Previous work has shown it’s fairly easy to develop systems that fly drones amid obstacles without crashing – as long as their speed remains relatively low. Adding velocity to the mix, however, introduces a number of factors – drag and stability, for starters – that make it harder to know just how well and quickly the craft will react. Which was why the MIT group decided to plug the gaps their entirely simulation-produced algorithm contained with experience that can only be gained behind a controller.
Enhancing tech-generated avoidance algorithms with real flight learning
To begin with, they sent computer simulated drones through a virtual obstacle course at varying speeds, and used runs without craft crashing to compose an algorithm. They then replicated the same course in concrete form, sending actual UAV programmed to fly velocities and routes from their simulations through it. Finally, they dispatched control drones through the course using standard obstacle avoidance systems, and at varying speeds, to act as de facto competitors to the experiment’s craft.

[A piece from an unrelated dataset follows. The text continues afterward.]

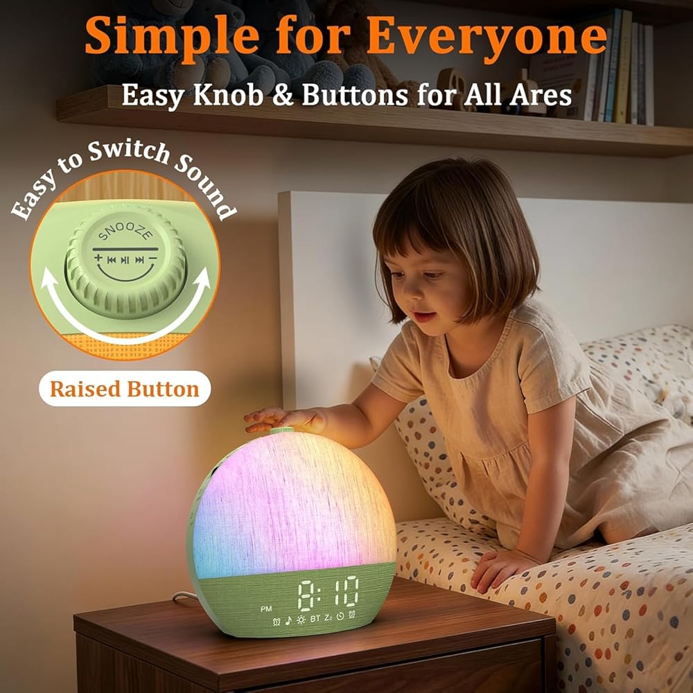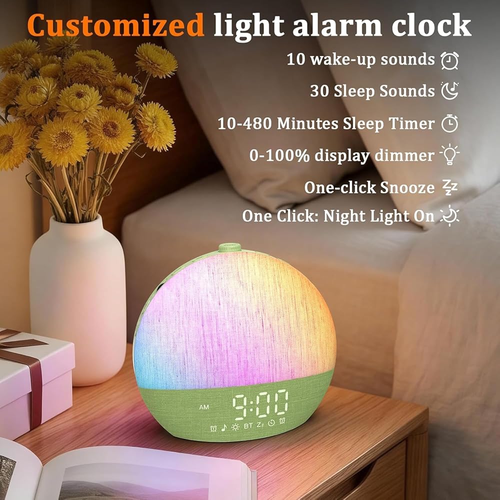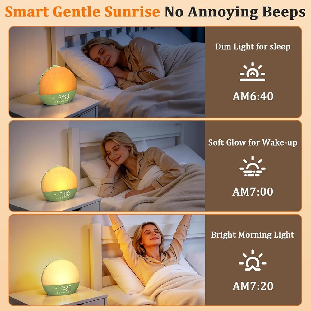 ساعة منبه هادئة وتدريجية لشروق الشمس: ضوء استيقاظ طبيعي بطيء الارتفاع لمدة 30 دقيقة - ساعة قابلة للتعتيم بـ 20 مستوى لمن ينامون بكثرة - سهولة الاستخدام محاكاة شروق الشمس مع 30 صوتًا للنوم، آلة ضوضاء بيضاء

What they learned from those tests may (or not) come as a surprise to aspiring racers. UAVs trained with the MIT algorithm finished every match-up first, at times 20% faster than craft with conventional navigation software. More interesting still, the trial drones won despite defying what may be considered a logical racing decision by taking longer routes around obstacles, or considerably sacrificing speed to lower risks of crashing. An initial path chosen, for example, might have been looping compared to straight-ahead bolt by the control UAV, yet resulted in flight around hazards that improved the time-velocity-safety objective overall.
The reason for that, experts say, was algorithms in the control craft were based exclusively on simulation scenarios, while the trial drones also worked from situations from real trial flights. That meant smart decisions human pilots made while clearing obstacles at top speeds without crashing were factored in among the MIT simulations. That allowed those drones to select the best option of either computer or human sets, based on the differing situations they encountered.
“If a human pilot is slowing down or picking up speed, that could inform what our algorithm does,” Tal explains. “We can also use the trajectory of the human pilot as a starting point, and improve from that to see (things) humans don’t do that our algorithm can figure out to fly faster. Those are some future ideas we’re thinking about.”